··· Data excerpts ···
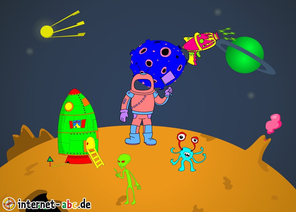 Hier kannst du sehen, welche Bilder es schon zum Thema Weltraum gibt. Klicke auf ein Bild oder eine Überschrift, um zur Seite zu gelangen. Dort findest du auch eine passende Geschichte zum Bild.
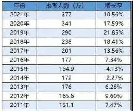 昨天,万众瞩目的考研出分了,我们来看一组数据,2021年中国考研报考人数是377万,2022年考研报考人数为457万,比去年多出来80万,增幅为21%
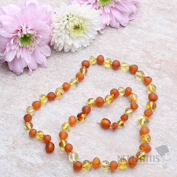 Amber beads, either in the form of a bracelet or a necklace , have been placed around children's necks for teething pain for centuries according to European folk traditions, especially in the Baltic countries. Since ancient times, people have believed that amber is also a very effective protective stone. Amber contains aromatic substances that are released by heat, so it is recommended to wear it on bare skin or expose the beads to the sun's rays. It then supplies the body with energy.
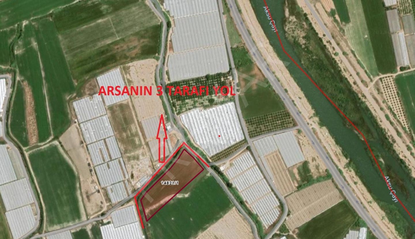 Antalya Aksu Kundu'da, üç cephesi yola çevrili, yüksek yatırım potansiyeline sahip satılık tarla!
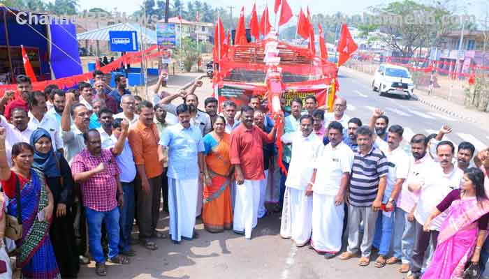 കൊടിമര ജാഥ രാവിലെ പൈവളിഗെ രക്തസാക്ഷി നഗറിൽ നിന്നും ആരംഭിച്ചു. ഉദുമ എം.എൽ.എ സി.എച്ച് കുഞ്ഞമ്പു കൊടിമരം കൈമാറി ഉദ്ഘാടനം ചെയ്തു. സംസ്ഥാന വൈസ്. പ്രസിഡണ്ട് മദന മോഹനൻ ടി.വി ജാഥ ക്യാപ്റ്റനും, സംസ്ഥാന കമ്മിറ്റി അംഗം കെ.പി ഹരിദാസൻ വൈസ്. ക്യാപ്റ്റനുമാണ്.
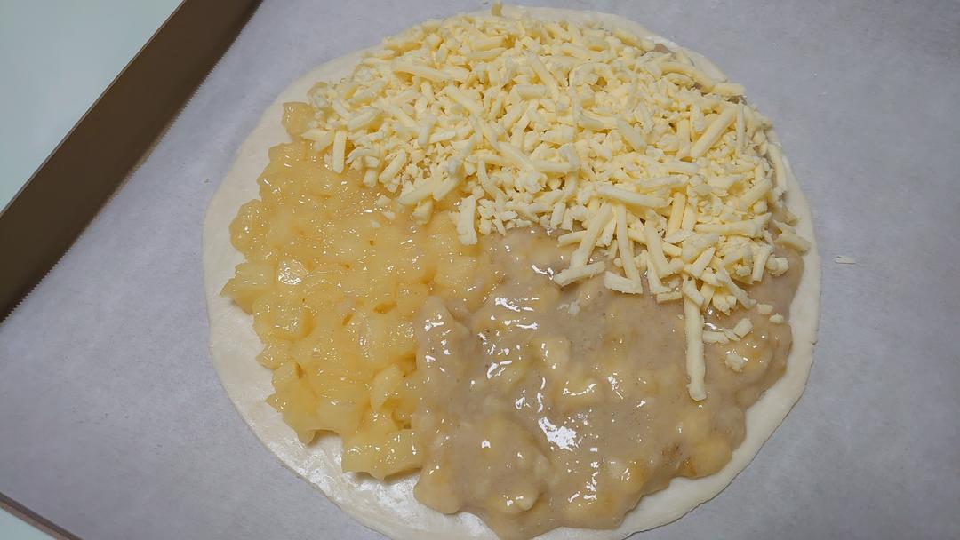 烤盘底部铺油纸,把香蕉泥和苹果馅对半铺在饼底上,上面再盖一层芝士碎 (这一步不放芝士碎也可以,我个人感觉芝士对味道的影响其实不是很大)
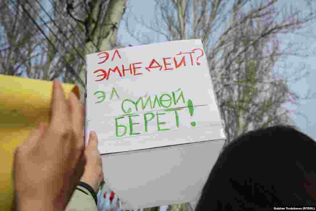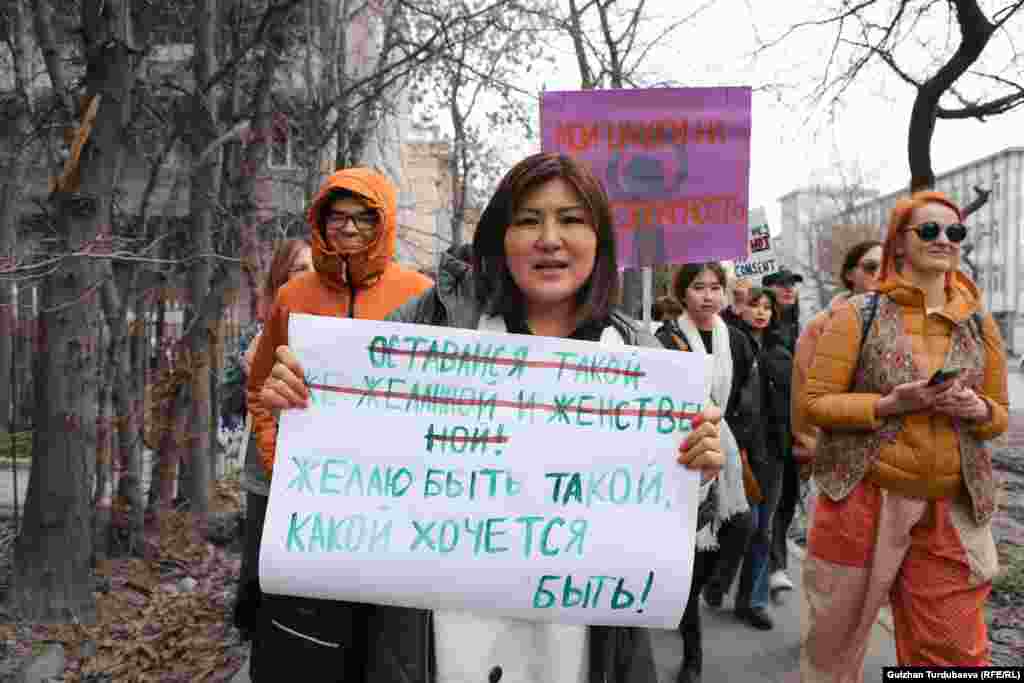 Алар аялдарга карата зомбулукту токтотуу, алардын эркиндигин камсыздоо, сөз эркиндигин коргоо сыяктуу талаптарды айтып чыгышты. Милиция кызматкерлери акциянын коопсуздугун камсыз кылып, жүрүштүн катышуучуларын коштоп жүрүшөт.
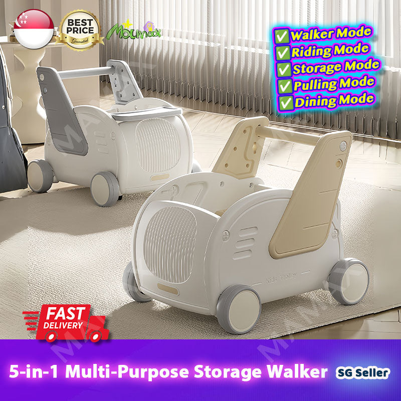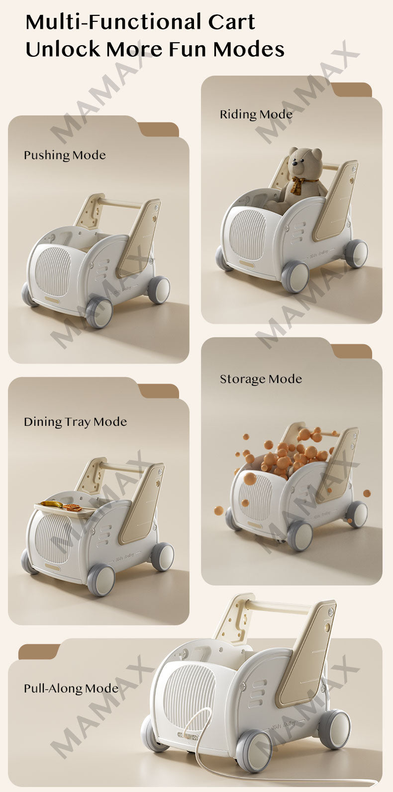 ★5-in-1 Multi-Purpose Baby Storage Walker/Push Cart With Pulling Rope&Adjustable Handle Bar★
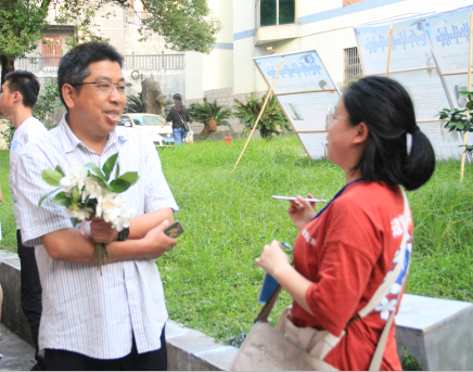 我们采访了院长罗惠缙和副院长王焕林,在接受采访时,罗惠缙说“今晚参加晚会感触很多,不过欢乐多余忧伤,大家表现都很棒,希望同学们在以后的生活中越走越顺畅,越活越快乐!”面对毕业生,他有许多不舍,但更多的是祝福。
···
**Activity**
Would you print the whole listing exactly, omitting the pictures?

**Answer to this exercise**
 Hier kannst du sehen, welche Bilder es schon zum Thema Weltraum gibt. Klicke auf ein Bild oder eine Überschrift, um zur Seite zu gelangen. Dort findest du auch eine passende Geschichte zum Bild.
 昨天,万众瞩目的考研出分了,我们来看一组数据,2021年中国考研报考人数是377万,2022年考研报考人数为457万,比去年多出来80万,增幅为21%
 Amber beads, either in the form of a bracelet or a necklace , have been placed around children's necks for teething pain for centuries according to European folk traditions, especially in the Baltic countries. Since ancient times, people have believed that amber is also a very effective protective stone. Amber contains aromatic substances that are released by heat, so it is recommended to wear it on bare skin or expose the beads to the sun's rays. It then supplies the body with energy.
 Antalya Aksu Kundu'da, üç cephesi yola çevrili, yüksek yatırım potansiyeline sahip satılık tarla!
 കൊടിമര ജാഥ രാവിലെ പൈവളിഗെ രക്തസാക്ഷി നഗറിൽ നിന്നും ആരംഭിച്ചു. ഉദുമ എം.എൽ.എ സി.എച്ച് കുഞ്ഞമ്പു കൊടിമരം കൈമാറി ഉദ്ഘാടനം ചെയ്തു. സംസ്ഥാന വൈസ്. പ്രസിഡണ്ട് മദന മോഹനൻ ടി.വി ജാഥ ക്യാപ്റ്റനും, സംസ്ഥാന കമ്മിറ്റി അംഗം കെ.പി ഹരിദാസൻ വൈസ്. ക്യാപ്റ്റനുമാണ്.
 烤盘底部铺油纸,把香蕉泥和苹果馅对半铺在饼底上,上面再盖一层芝士碎 (这一步不放芝士碎也可以,我个人感觉芝士对味道的影响其实不是很大)
 Алар аялдарга карата зомбулукту токтотуу, алардын эркиндигин камсыздоо, сөз эркиндигин коргоо сыяктуу талаптарды айтып чыгышты. Милиция кызматкерлери акциянын коопсуздугун камсыз кылып, жүрүштүн катышуучуларын коштоп жүрүшөт.
 ★5-in-1 Multi-Purpose Baby Storage Walker/Push Cart With Pulling Rope&Adjustable Handle Bar★
 我们采访了院长罗惠缙和副院长王焕林,在接受采访时,罗惠缙说“今晚参加晚会感触很多,不过欢乐多余忧伤,大家表现都很棒,希望同学们在以后的生活中越走越顺畅,越活越快乐!”面对毕业生,他有许多不舍,但更多的是祝福。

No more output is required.